Experts working with AI described potentially transformative developments, including the ability to produce faster, lower-cost scans, radically cut back on contrast agents, predict images, and build rich data sets to help focus clinical care and inform further research.
"AI and deep learning allows us to do things faster and better than before and fundamentally new," said Dr. Greg Zaharchuk, PhD, professor of radiology (neuroimaging and neurointervention) at Stanford University, in Stanford, California, at Saturday's session. "I think we will see more and more MRI over time because the data is so rich. I believe there is a lot of hidden information in the images that we as clinicians and scientists don’t see or extract, but which is available to AI models."
Along with scientists and engineers at Subtle Medical, he is examining how deep learning can reduce the use of gadolinium. The research involves development of a deep-learning algorithm that learned to approximate full-dose scans from zero-dose and low-dose images, using models called convolutional neural networks.

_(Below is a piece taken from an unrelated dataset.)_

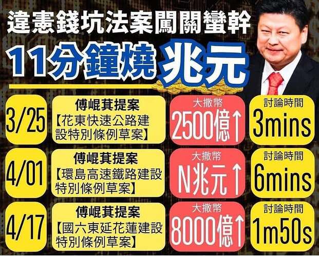 吳思瑤:傅崐萁所提的花東快、環島高鐵、國道6號東延花蓮建設特別條例草案等 3大錢坑法案,金額高達新台幣 N兆元,但在委員會審查時總共花了 10分 50秒。

The images were evaluated for quality, and the findings suggest gadolinium could be reduced 10-fold without sacrificing diagnostic quality.
Zaharchuk, who is president of the American Society of Functional Neuroradiology and deputy editor of the Journal of Magnetic Resonance Imaging, proclaimed the benefits of machine learning and what he called "upstream AI."
"It's not necessarily about predicting what's on an image -- but basically taking images and predicting other images, predicting every pixel in an image," he explained.
"Deep learning is quite good at figuring out value from images. It has a good chance to reduce the cost of imaging potentially -- it's the spot where we directly touch the patients, and if we can make their lives better, that's always a good thing," he noted.
All the manufacturers and research groups are working on all the different steps of the pipeline, there is a tremendous amount of activity, according to Dr. Tim Leiner, PhD, a cardiovascular radiologist at Mayo Clinic, Rochester. There were opportunities for AI and machine learning across the entire spectrum.
"It starts with scheduling of patients and setting an indication for imaging, i.e., who needs to go into an MRI scanner. It involves acquisition, imagery construction, and quality assessment, and it will involve segmentation and quantification of structures in the resulting images," he pointed out.
Leiner, immediate past president of the ISMRM, said there were also AI tools generating prepopulated reports "that help the radiologist to walk through a case more easily."
"We're just scratching the surface here -- we're seeing initial proof of concept things being brought to us, but it will accelerate and will dramatically change how we work in the future," he continued.
All the major vendors were working on speeding up protocols and using AI techniques to do that, and the entire imaging chain could be examined for inefficiencies using AI, Leiner added.
"When the patient is on the table, AI may help you come up with suggestions saying, 'I see something here, maybe you might want to add on this sequence,' " he said.
"Techniques are being developed that allow you to run a single sequence and create what you need from that later, after the patient is off the table -- which is more patient-friendly, faster, and more robust because after you reconstruct the data, you can plan all your different views in the correct way," he noted.